Mary Shelley’s neglected later book The Last Man, published in 1826, has the most to say to us in our present moment of crisis and global pandemic. The Last Man is a novel of isolation: an isolation that reflected Shelley’s painful circumstances. The novel’s characters closely resemble the famous members of the Shelley-Byron circle, including Shelley’s husband, Percy Bysshe Shelley, his friend Lord Byron, and Mary’s stepsister, Claire Clairmont.

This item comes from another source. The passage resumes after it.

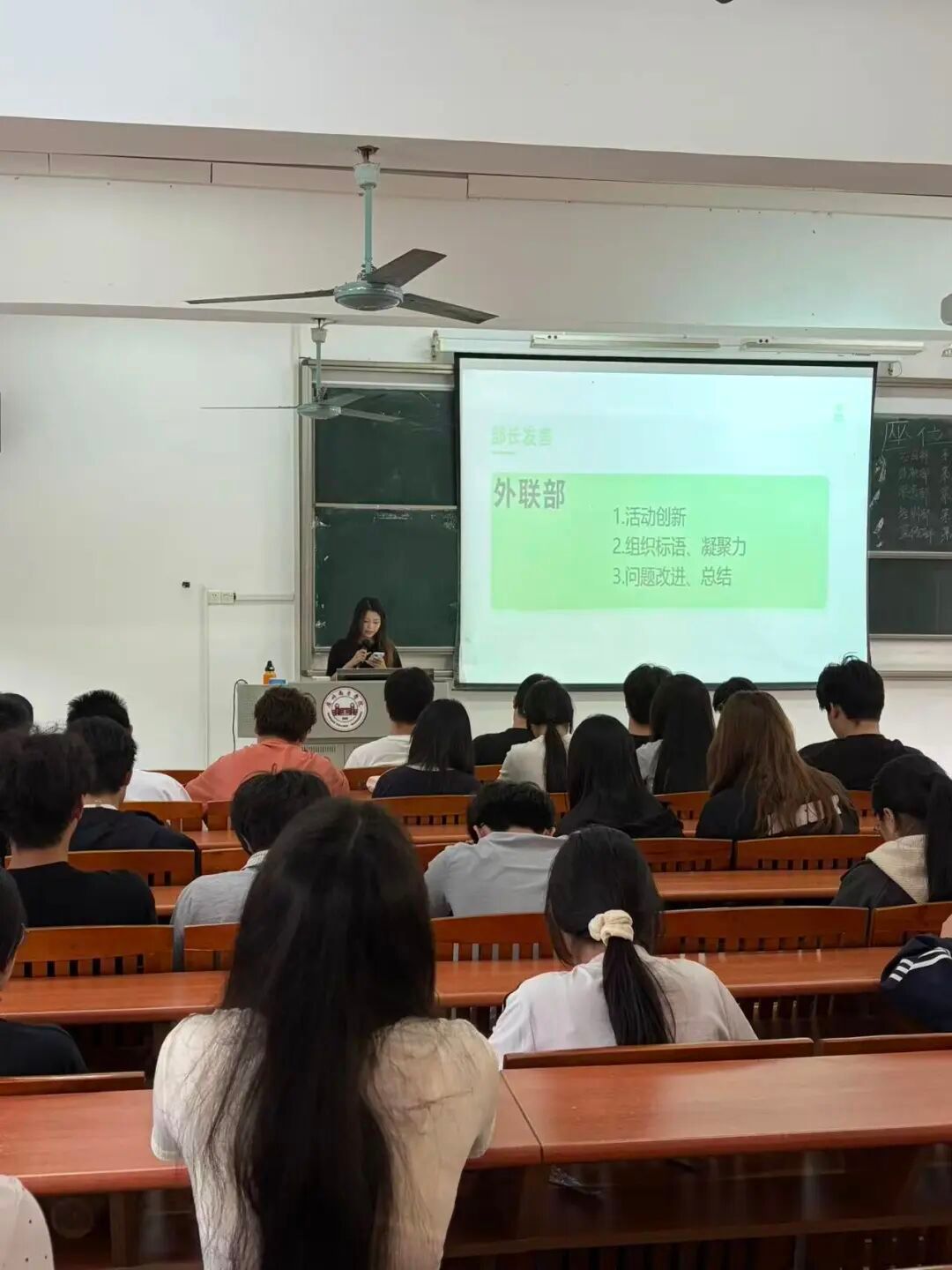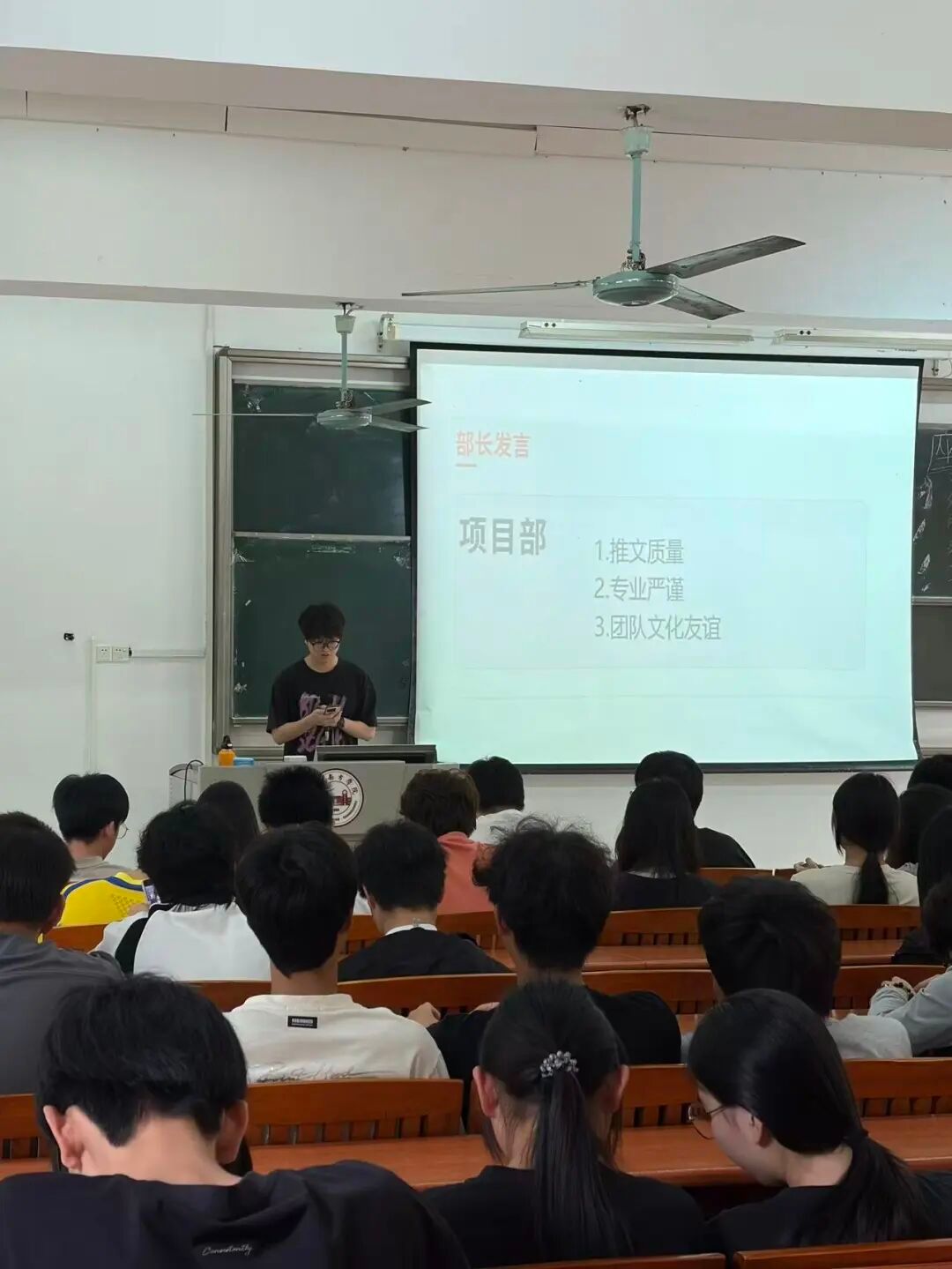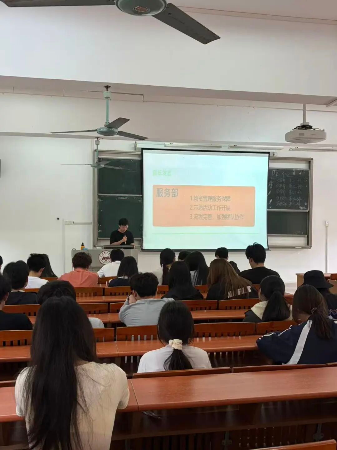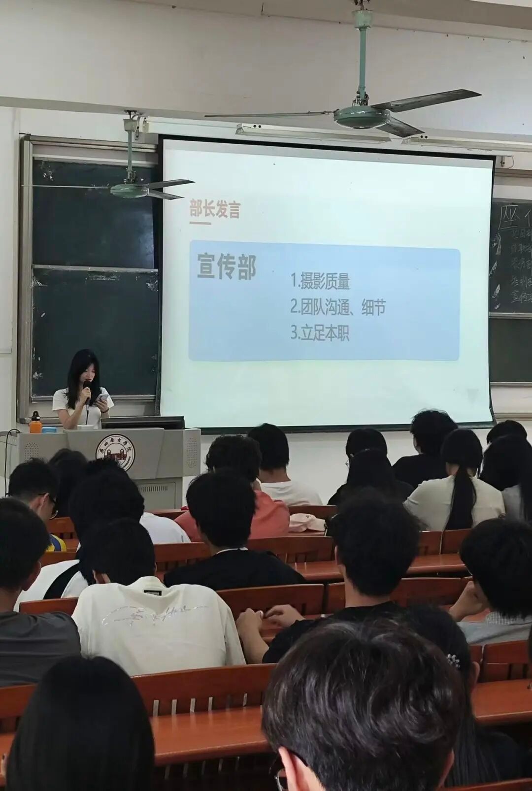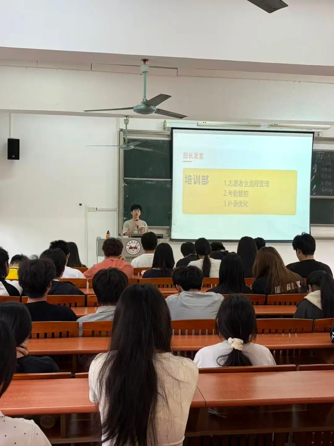 各部门负责人依次汇报工作,项目部打磨推文、兼顾专业与团队建设;外联部优化活动创新和标识问题、带动组织氛围;服务部做好物资场地保障、将完善流程强协作;培训部考勤实现0补录、部门互学共进;宣传部复盘短板,将从统一标准、保障素材、内部学习提升工作。
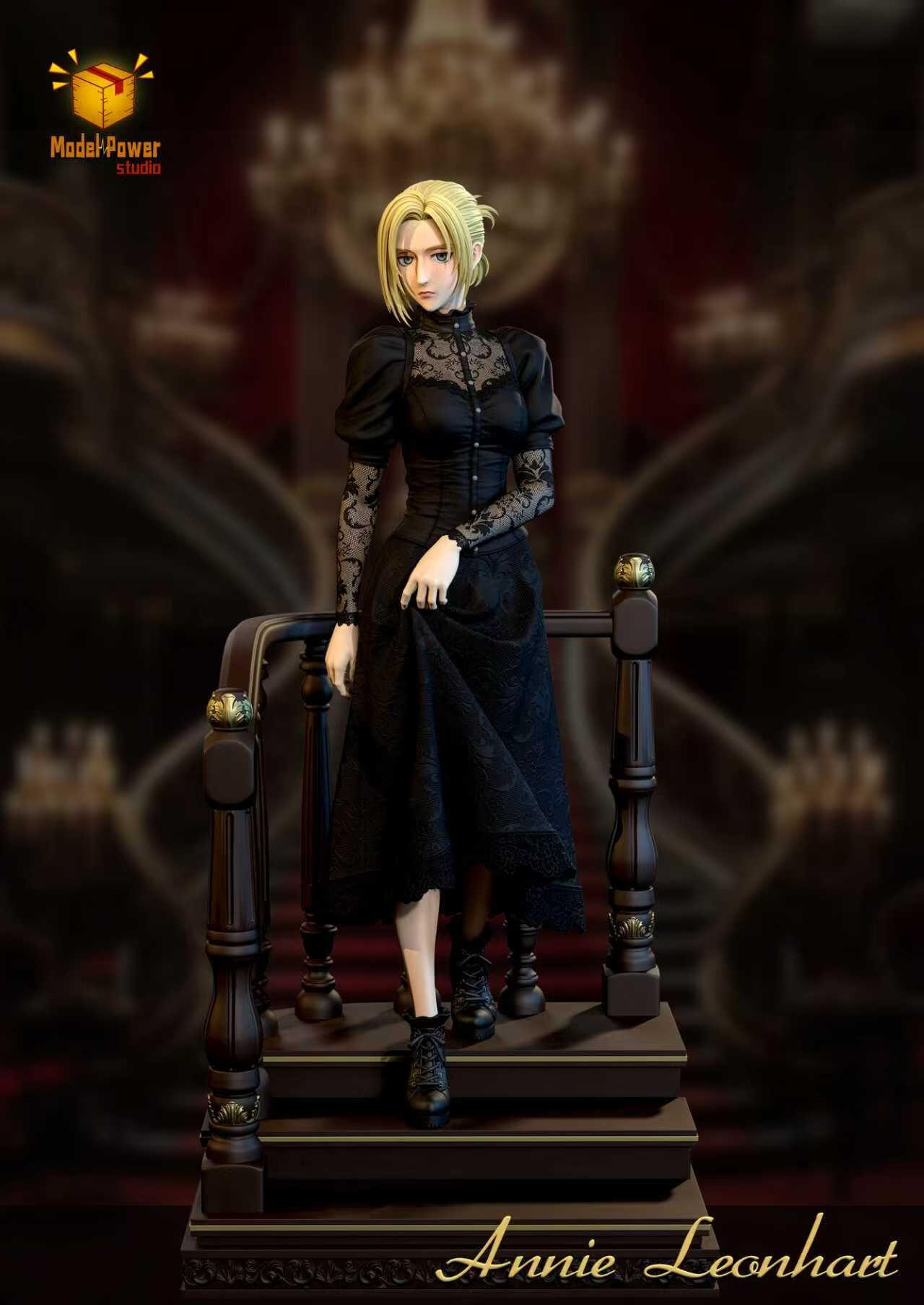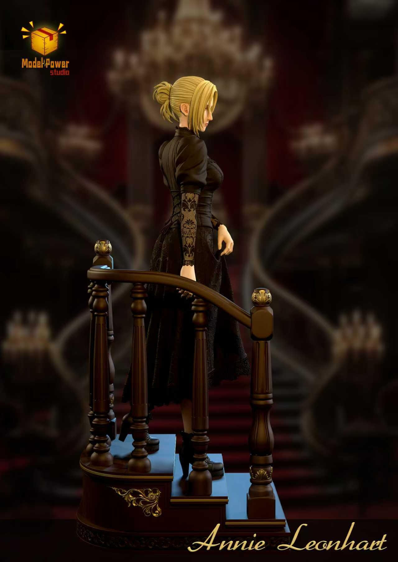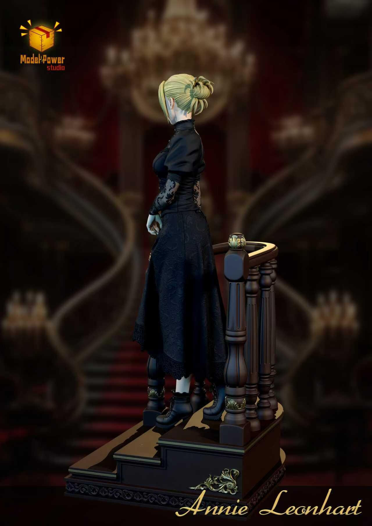 - Annie Leonhart figure in Victorian-gothic evening gown with intricate lace paneling and corset-laced bodice

By the time Shelley came to write the novel, all of them – along with all but one of her children – were dead. Once part of the most significant social circle of second-generation Romantic poet-intellectuals, Shelley now found herself almost alone in the world. As it kills off character after character, The Last Man recreates this history of loss along with its author’s crushing sense of loneliness.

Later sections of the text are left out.